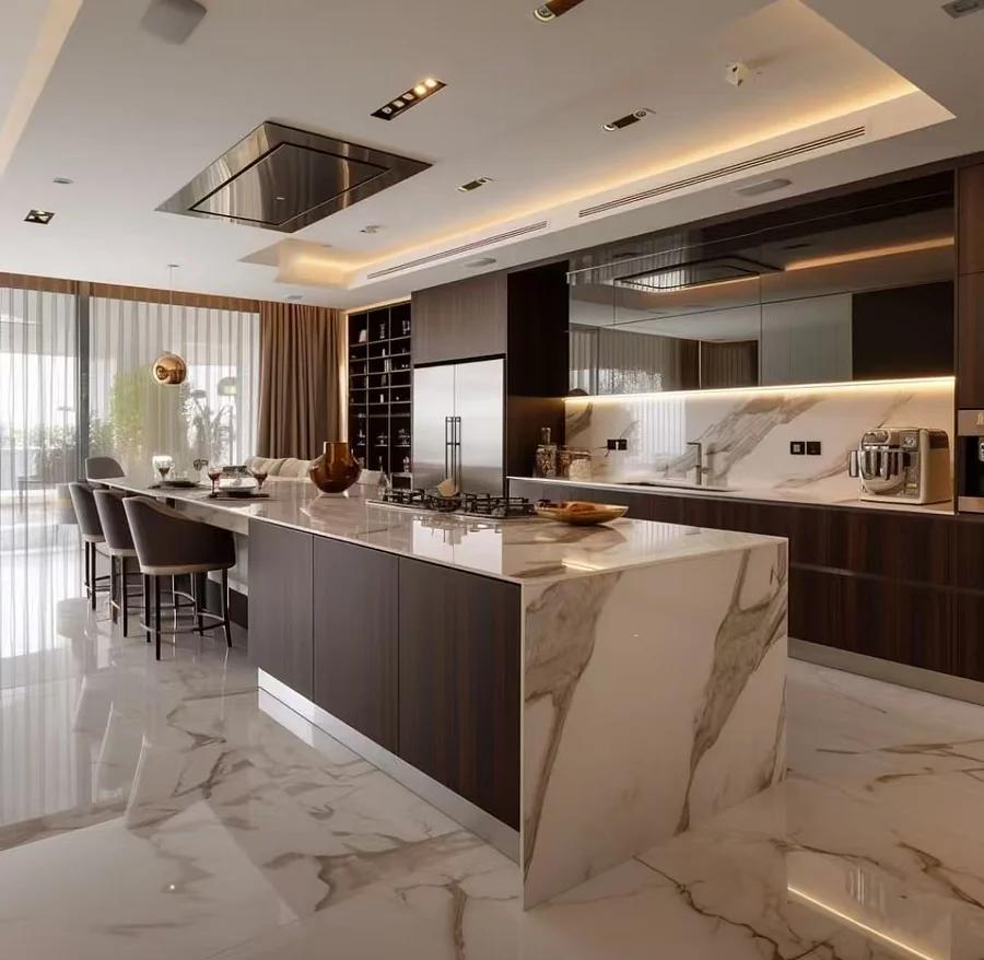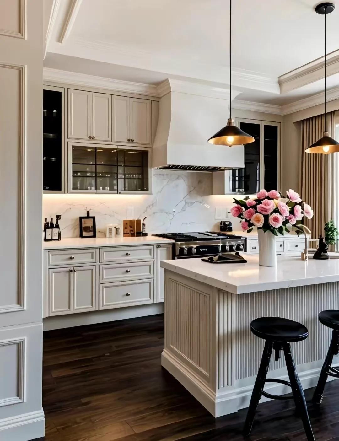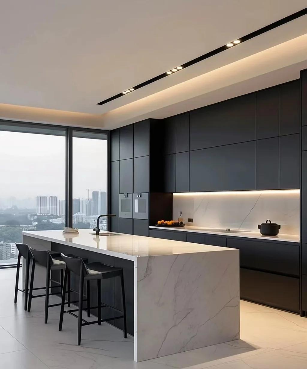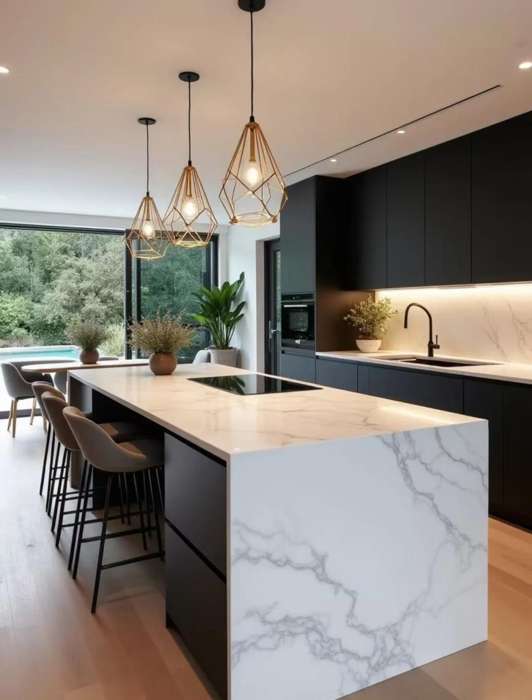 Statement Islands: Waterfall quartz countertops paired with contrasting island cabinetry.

******

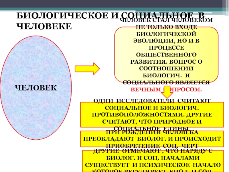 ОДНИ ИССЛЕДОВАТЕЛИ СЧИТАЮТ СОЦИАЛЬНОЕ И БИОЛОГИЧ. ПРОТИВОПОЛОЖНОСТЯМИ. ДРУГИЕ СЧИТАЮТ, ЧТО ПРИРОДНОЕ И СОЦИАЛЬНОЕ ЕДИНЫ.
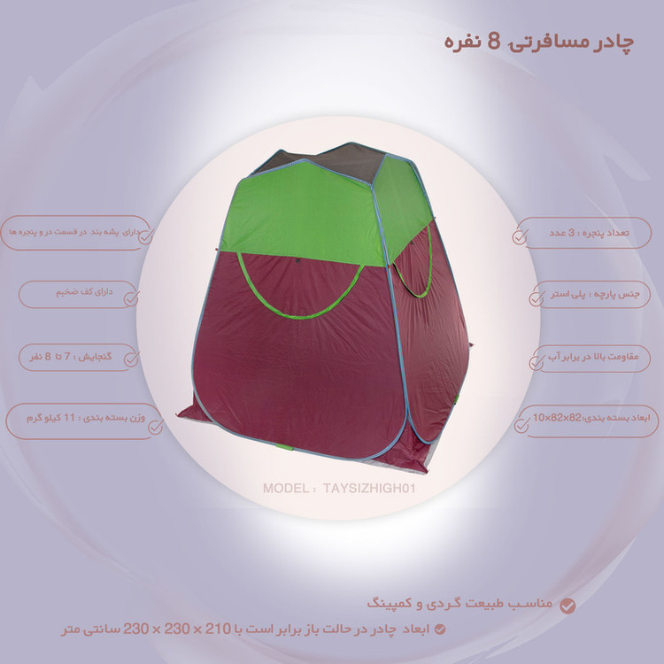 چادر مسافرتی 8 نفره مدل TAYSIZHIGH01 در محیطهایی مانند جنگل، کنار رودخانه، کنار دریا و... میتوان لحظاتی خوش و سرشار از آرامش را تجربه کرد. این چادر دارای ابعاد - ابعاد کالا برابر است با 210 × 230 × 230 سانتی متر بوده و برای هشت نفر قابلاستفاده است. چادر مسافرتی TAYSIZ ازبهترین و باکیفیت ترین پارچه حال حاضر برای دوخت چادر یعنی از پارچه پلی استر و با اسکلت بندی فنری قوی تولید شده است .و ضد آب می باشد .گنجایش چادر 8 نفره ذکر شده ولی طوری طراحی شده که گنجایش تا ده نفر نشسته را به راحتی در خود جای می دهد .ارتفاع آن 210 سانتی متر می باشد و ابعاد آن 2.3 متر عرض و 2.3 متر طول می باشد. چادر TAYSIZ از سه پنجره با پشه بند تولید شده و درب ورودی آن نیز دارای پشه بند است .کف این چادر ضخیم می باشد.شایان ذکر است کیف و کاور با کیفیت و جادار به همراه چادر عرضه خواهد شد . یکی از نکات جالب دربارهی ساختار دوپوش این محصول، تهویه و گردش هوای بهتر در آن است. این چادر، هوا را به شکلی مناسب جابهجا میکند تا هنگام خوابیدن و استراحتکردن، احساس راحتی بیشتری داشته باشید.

******

■ **ACTION ITEM**:
Within the listing above, the lines from the one with "ОДНИ ИССЛЕДОВАТЕЛИ СЧИТАЮТ" through the one with "چادر مسافرتی 8" are to be given again word for word. Do not include pictures.

■ **WRITTEN ANSWER**:
 ОДНИ ИССЛЕДОВАТЕЛИ СЧИТАЮТ СОЦИАЛЬНОЕ И БИОЛОГИЧ. ПРОТИВОПОЛОЖНОСТЯМИ. ДРУГИЕ СЧИТАЮТ, ЧТО ПРИРОДНОЕ И СОЦИАЛЬНОЕ ЕДИНЫ.
 چادر مسافرتی 8 نفره مدل TAYSIZHIGH01 در محیطهایی مانند جنگل، کنار رودخانه، کنار دریا و... میتوان لحظاتی خوش و سرشار از آرامش را تجربه کرد. این چادر دارای ابعاد - ابعاد کالا برابر است با 210 × 230 × 230 سانتی متر بوده و برای هشت نفر قابلاستفاده است. چادر مسافرتی TAYSIZ ازبهترین و باکیفیت ترین پارچه حال حاضر برای دوخت چادر یعنی از پارچه پلی استر و با اسکلت بندی فنری قوی تولید شده است .و ضد آب می باشد .گنجایش چادر 8 نفره ذکر شده ولی طوری طراحی شده که گنجایش تا ده نفر نشسته را به راحتی در خود جای می دهد .ارتفاع آن 210 سانتی متر می باشد و ابعاد آن 2.3 متر عرض و 2.3 متر طول می باشد. چادر TAYSIZ از سه پنجره با پشه بند تولید شده و درب ورودی آن نیز دارای پشه بند است .کف این چادر ضخیم می باشد.شایان ذکر است کیف و کاور با کیفیت و جادار به همراه چادر عرضه خواهد شد . یکی از نکات جالب دربارهی ساختار دوپوش این محصول، تهویه و گردش هوای بهتر در آن است. این چادر، هوا را به شکلی مناسب جابهجا میکند تا هنگام خوابیدن و استراحتکردن، احساس راحتی بیشتری داشته باشید.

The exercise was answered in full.